Wrap patch_parset() in a contextmanager which removes the generated parset when it finishes.

The never_unlink flag is to facilitate debugging – one can leave a patched parset in place for manual checking if required.

Cluster descriptions (clusterdesc) handling¶

Clusterdesc files (see distproc) describe the layout of the compute cluster. They can be used within the pipeline to help choose nodes to which jobs may be dispatched.

class lofarpipe.support.clusterdesc.ClusterDesc(filename)¶: Wrap a clusterdesc file, providing a more convenient, Pythonic interface for accessing its contents.

lofarpipe.support.clusterdesc.get_compute_nodes(clusterdesc)¶: Return a list of all compute nodes defined (under the key “Compute.Nodes”) in the ClusterDesc class object clusterdesc.

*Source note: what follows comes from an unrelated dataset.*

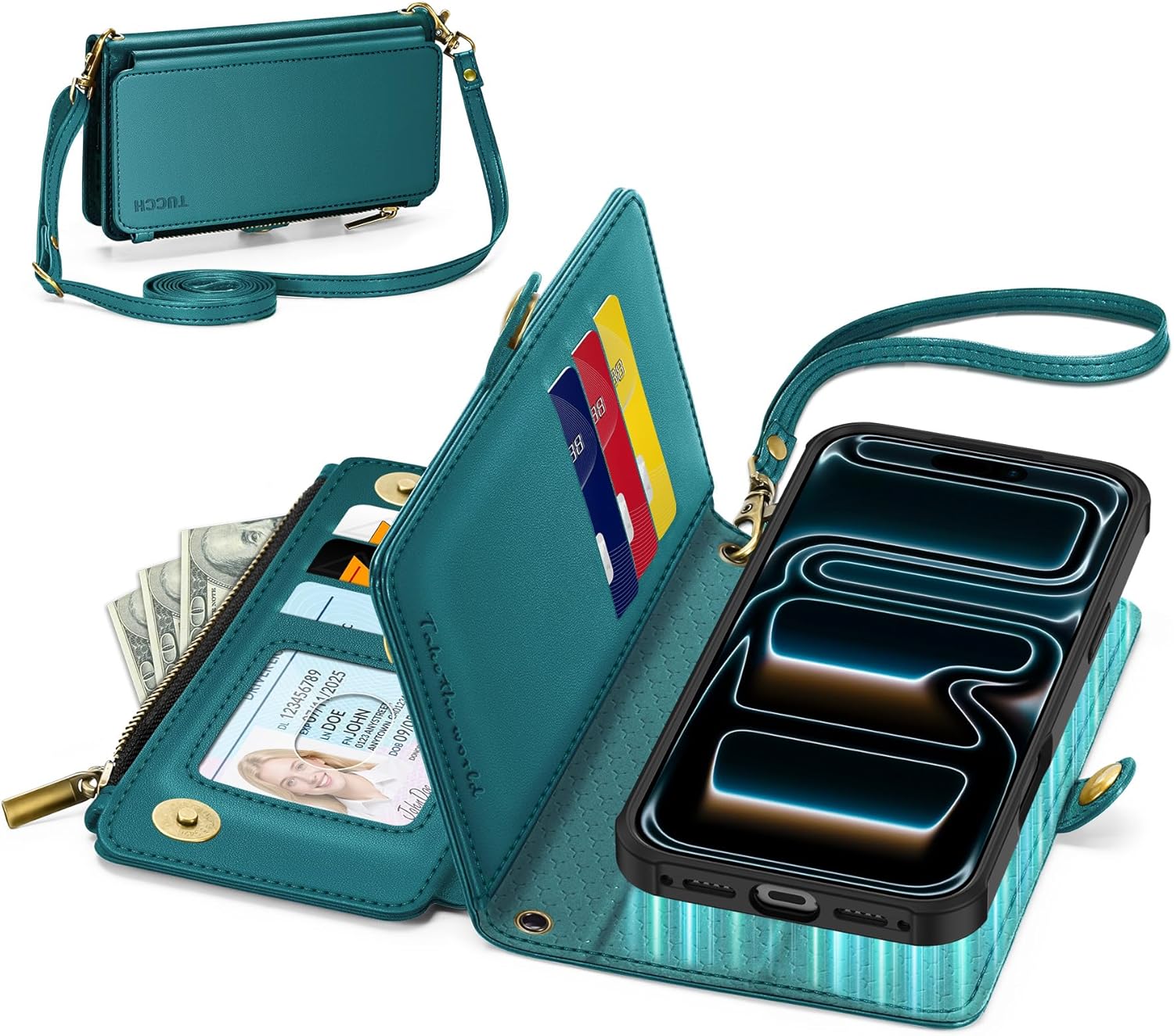 TUCCH Detachable Crossbody Wallet Case for iPhone 17 Pro (6.3"), 9 Card Holders RFID Blocking | Lanyard | Wrist Strap | Wireless Charging | Zipper Pocket | PU Leather | Stand Flip Cover | Bluish Green

lofarpipe.support.clusterdesc.get_head_node(clusterdesc)¶

Return the head node, defined by the key “Head.Nodes” in the ClusterDesc class object clusterdesc.

Always return the first head node, even if there are several defined.

Grouping input data¶

Often, a long list of input datasets are grouped according to some criteria for processing. These routines provide some useful ways of batching-up data.

lofarpipe.support.group_data.group_files(logger, clusterdesc, node_directory, group_size, filenames)¶

Group a list of files into blocks suitable for simultaneous processing, such that a limited number of processes run on any given host at a time.

All node_directory on all compute nodes specified in clusterdesc is searched for any of the files listed in filenames. A generator is produced; on each call, no more than group_size files per node are returned.

lofarpipe.support.group_data.gvds_iterator(gvds_file, nproc=4)¶

Reads a GVDS file.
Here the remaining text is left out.